YOUR OBJECTIVE
From the line containing "Кафедральный собор, Милан, Италия" to the line containing "1. Vista dall'alto dell'area di intervento" in the records below, set down every line exactly as it stands, both ends included, and skip the pictures.

Dataset items

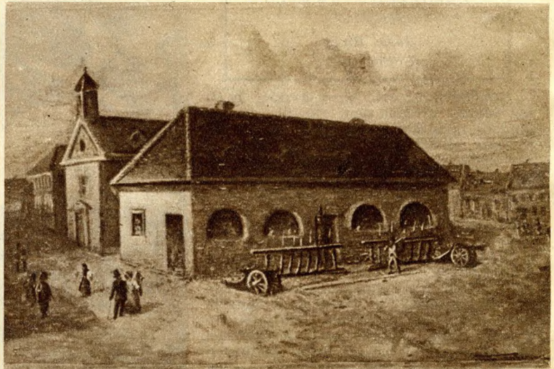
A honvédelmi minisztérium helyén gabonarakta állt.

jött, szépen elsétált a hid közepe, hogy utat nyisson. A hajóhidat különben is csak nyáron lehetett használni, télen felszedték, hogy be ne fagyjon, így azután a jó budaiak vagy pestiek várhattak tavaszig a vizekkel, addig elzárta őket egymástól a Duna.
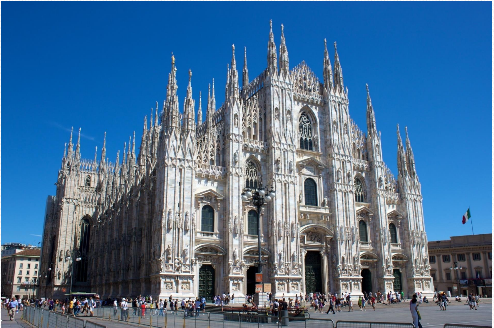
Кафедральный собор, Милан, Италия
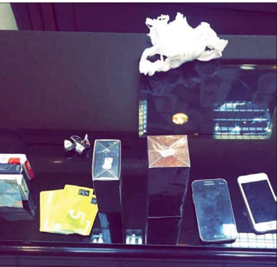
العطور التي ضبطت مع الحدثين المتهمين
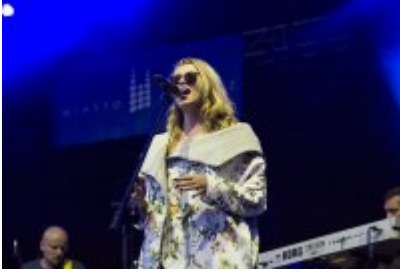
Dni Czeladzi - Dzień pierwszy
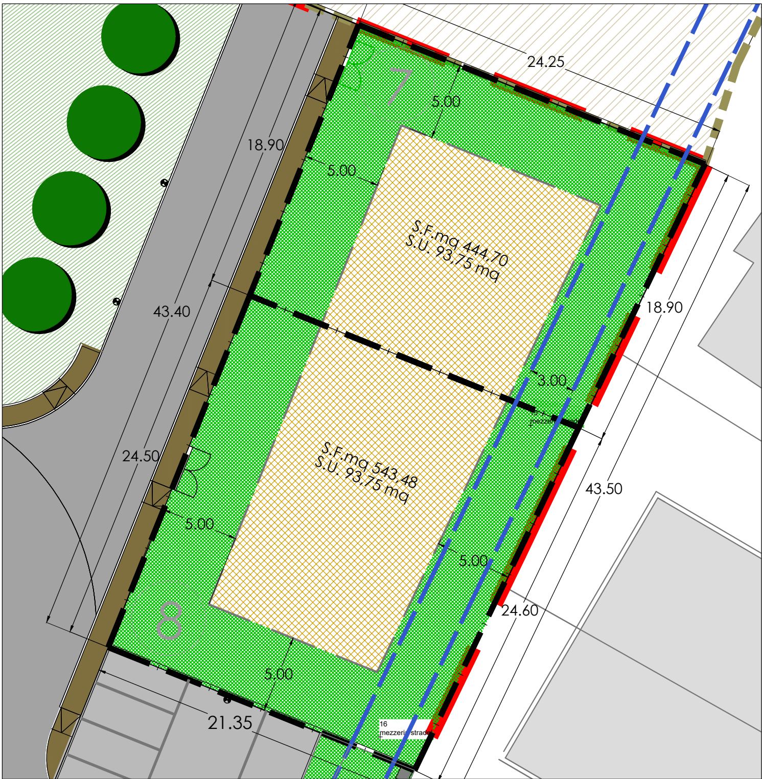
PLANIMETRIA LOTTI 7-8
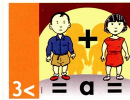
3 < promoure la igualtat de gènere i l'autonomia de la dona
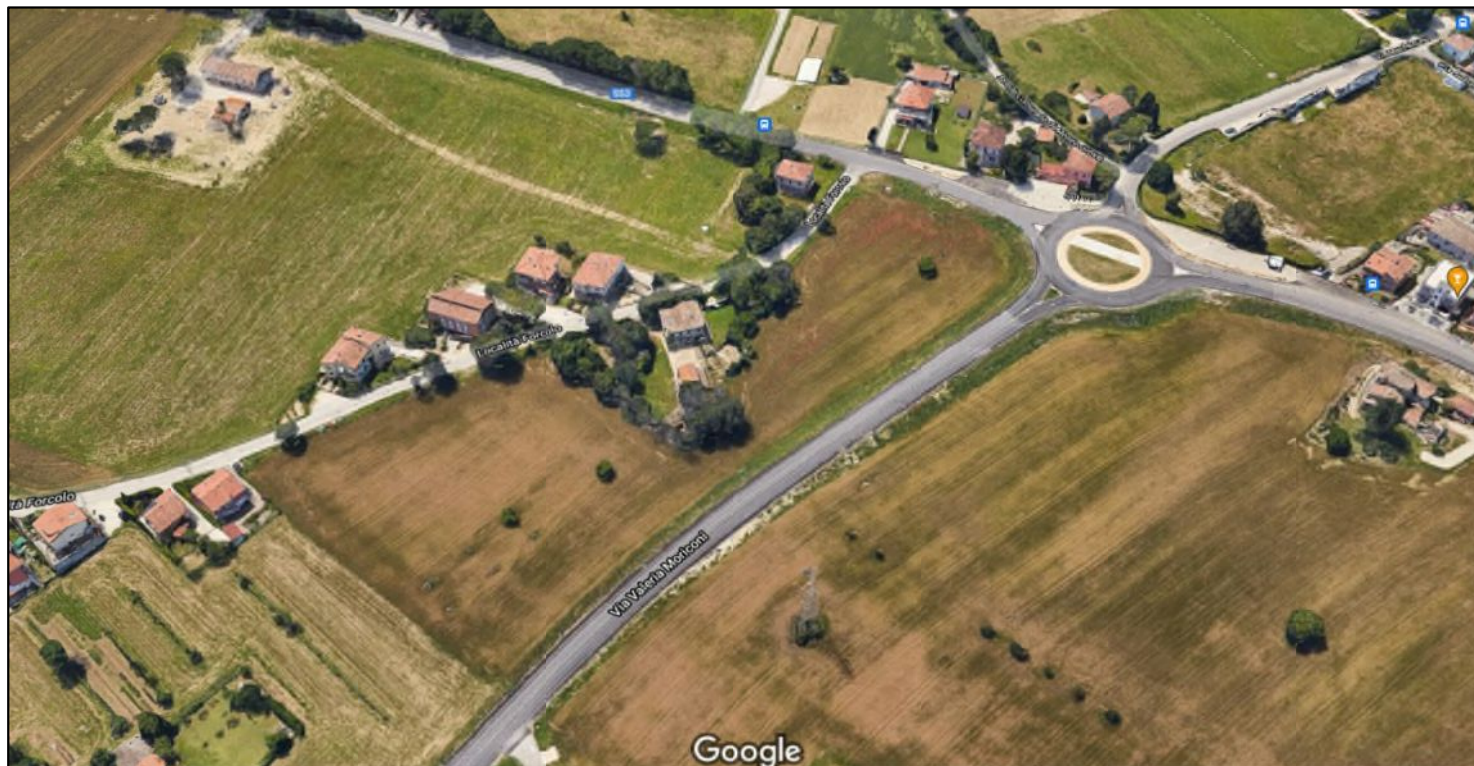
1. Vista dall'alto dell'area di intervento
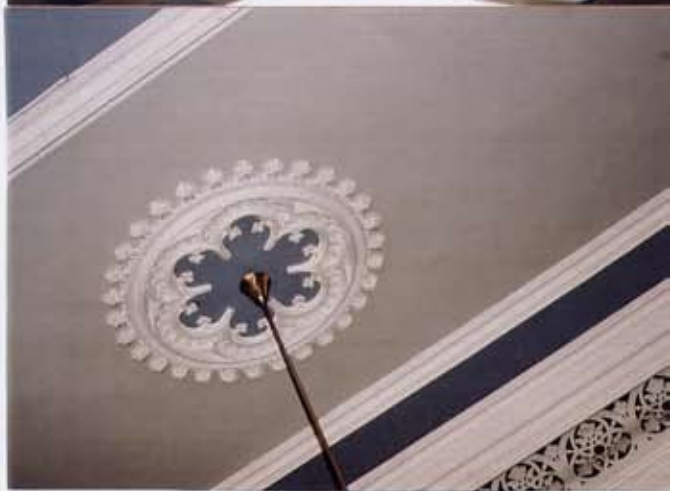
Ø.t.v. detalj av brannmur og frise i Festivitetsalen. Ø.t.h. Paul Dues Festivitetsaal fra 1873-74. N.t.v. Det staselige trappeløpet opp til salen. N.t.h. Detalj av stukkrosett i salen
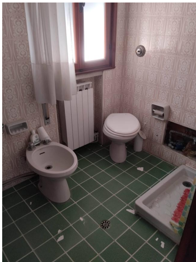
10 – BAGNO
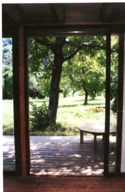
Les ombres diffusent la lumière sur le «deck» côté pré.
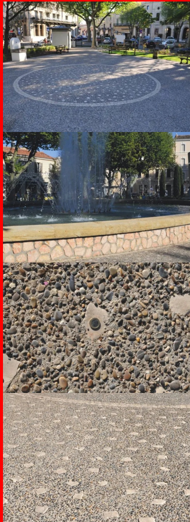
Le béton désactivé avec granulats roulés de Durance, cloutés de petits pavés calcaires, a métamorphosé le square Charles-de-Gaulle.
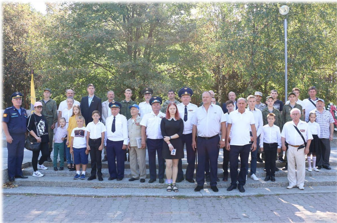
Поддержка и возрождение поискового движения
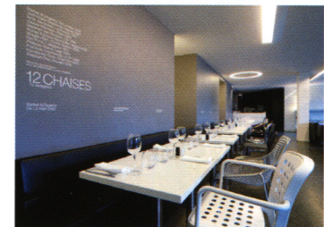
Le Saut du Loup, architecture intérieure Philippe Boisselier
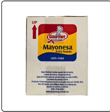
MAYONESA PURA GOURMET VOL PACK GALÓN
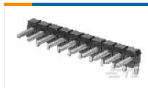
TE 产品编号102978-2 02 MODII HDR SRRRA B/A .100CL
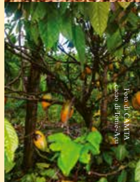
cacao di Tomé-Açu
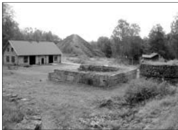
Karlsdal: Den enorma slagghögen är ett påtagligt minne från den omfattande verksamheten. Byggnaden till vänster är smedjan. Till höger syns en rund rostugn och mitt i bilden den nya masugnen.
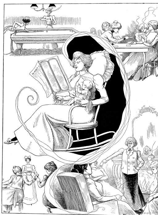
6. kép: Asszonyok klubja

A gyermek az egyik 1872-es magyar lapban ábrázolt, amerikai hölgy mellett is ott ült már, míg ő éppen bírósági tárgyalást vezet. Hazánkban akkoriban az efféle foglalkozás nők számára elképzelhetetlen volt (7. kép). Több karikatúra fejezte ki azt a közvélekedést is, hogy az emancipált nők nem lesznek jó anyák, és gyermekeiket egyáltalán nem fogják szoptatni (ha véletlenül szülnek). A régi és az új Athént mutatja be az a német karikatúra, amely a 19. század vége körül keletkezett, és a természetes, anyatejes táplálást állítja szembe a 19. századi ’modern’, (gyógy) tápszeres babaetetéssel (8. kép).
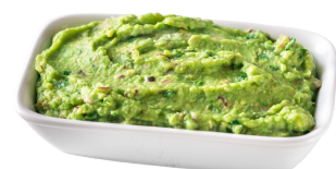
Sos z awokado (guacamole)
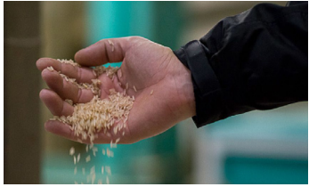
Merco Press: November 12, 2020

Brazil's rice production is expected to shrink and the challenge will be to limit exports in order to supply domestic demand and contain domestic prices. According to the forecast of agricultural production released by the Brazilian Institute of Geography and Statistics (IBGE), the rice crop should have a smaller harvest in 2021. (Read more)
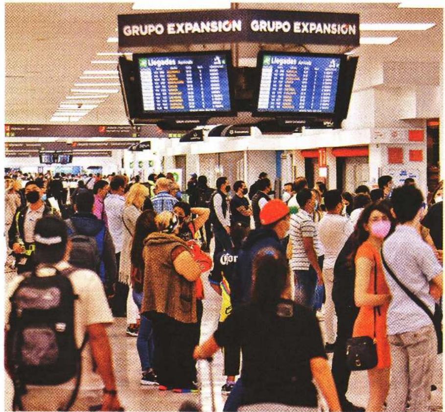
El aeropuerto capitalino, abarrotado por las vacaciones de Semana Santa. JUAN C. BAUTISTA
---
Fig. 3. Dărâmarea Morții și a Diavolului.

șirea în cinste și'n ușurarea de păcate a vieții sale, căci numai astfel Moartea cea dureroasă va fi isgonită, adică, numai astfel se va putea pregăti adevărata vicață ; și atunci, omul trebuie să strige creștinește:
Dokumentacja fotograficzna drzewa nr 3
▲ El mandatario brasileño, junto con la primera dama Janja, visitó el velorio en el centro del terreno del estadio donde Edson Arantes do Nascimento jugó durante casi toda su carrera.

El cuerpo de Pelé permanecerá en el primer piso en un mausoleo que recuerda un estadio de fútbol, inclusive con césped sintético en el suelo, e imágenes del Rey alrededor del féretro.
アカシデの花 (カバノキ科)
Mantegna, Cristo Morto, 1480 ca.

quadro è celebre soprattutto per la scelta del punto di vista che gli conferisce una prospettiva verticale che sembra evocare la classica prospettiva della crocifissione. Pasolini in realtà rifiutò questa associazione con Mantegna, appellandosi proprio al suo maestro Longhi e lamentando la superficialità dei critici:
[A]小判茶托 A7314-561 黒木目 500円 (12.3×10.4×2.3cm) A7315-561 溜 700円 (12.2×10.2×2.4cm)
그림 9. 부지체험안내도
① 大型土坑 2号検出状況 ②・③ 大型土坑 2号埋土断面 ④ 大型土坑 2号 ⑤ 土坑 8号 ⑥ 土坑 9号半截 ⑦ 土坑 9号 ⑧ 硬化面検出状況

RESPONSE TO THIS EXERCISE
Кафедральный собор, Милан, Италия
العطور التي ضبطت مع الحدثين المتهمين
Dni Czeladzi - Dzień pierwszy
PLANIMETRIA LOTTI 7-8
3 < promoure la igualtat de gènere i l'autonomia de la dona
1. Vista dall'alto dell'area di intervento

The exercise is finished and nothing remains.